My point was, Johnson didn't want to know if there was a conspiracy because he didn't want to deal with the consequences. He had suspicions but didn't want to investigate the conspiratorial leads. He didn't ask the questions that he didn't want to know the answers to...
What evidence is there that he restricted the ability of the WC to look for a conspiracy? The WC staffers, a few still alive, say there were no orders not to look for a conspiracy. You've said he covered up for one. How? The fact that HE didn't want to look is not the same as saying the WC or HSCA or CBS or The Washington Post or ABC News or the NY Times didn't. We haven't just had one investigation over these decades. We've had multiple ones.
I've cited Norman Redlich, the main author of the report. He died in 2003 or nearly 40 years after the assassination. I don't think he ever said he was told not to look for one or that, in retrospect, he was misled/controlled/manipulated. The only staffer that I know of who has complained about being misled was/is David Slawson. He has stated that he thinks Cuban agents encouraged Oswald to shoot JFK and that the CIA withheld information about this. But that's not really a conspiracy.

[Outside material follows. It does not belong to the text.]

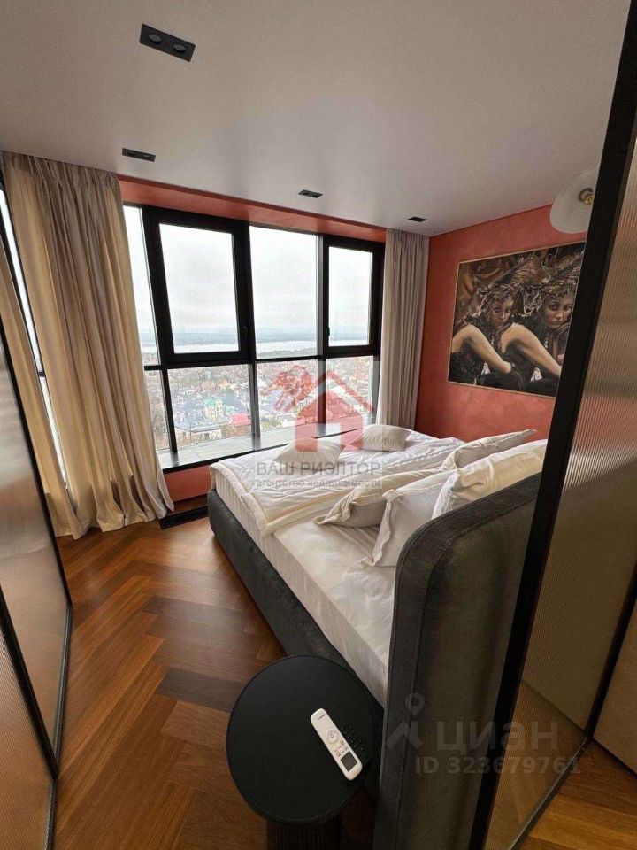 Мастер-спальня с трехпакетными панорамными окнами TTC и видами на Волгу никого не оставит равнодушным. Удобная двуспальная кровать Casaricca Италия ортопедическим матрасом и постельным бельем TOGAS, установлены датчики движения для удобства прохождения в ванную комнату и обратно. Картина, расположенная в спальне, является оригиналом известный художницы Турции.

You say LBJ didn't want to know if there was a conspiracy and then you say he thought there was one (by Castro). But the latter statement by him - that he believed Castro was behind it in retaliation for the assassination attempts against him - came AFTER the WC had completed its investigation.

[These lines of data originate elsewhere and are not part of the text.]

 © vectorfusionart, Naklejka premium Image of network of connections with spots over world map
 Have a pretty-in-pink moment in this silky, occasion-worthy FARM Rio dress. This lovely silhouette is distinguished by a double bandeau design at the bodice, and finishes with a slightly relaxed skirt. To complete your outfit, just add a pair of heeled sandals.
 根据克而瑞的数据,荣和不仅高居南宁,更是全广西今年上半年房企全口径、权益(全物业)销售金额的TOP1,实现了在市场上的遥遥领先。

I've read no evidence/accounts that during the WC investigation that at that time he believed there was a conspiracy. Correction: LBJ did say in his last interview before leaving the Presidency that "I never believed that [Lee Harvey] Oswald acted alone, although I can accept that he pulled the trigger."
Are there any? And why would he not want to deal with a conspiracy done by, for example, the Mob?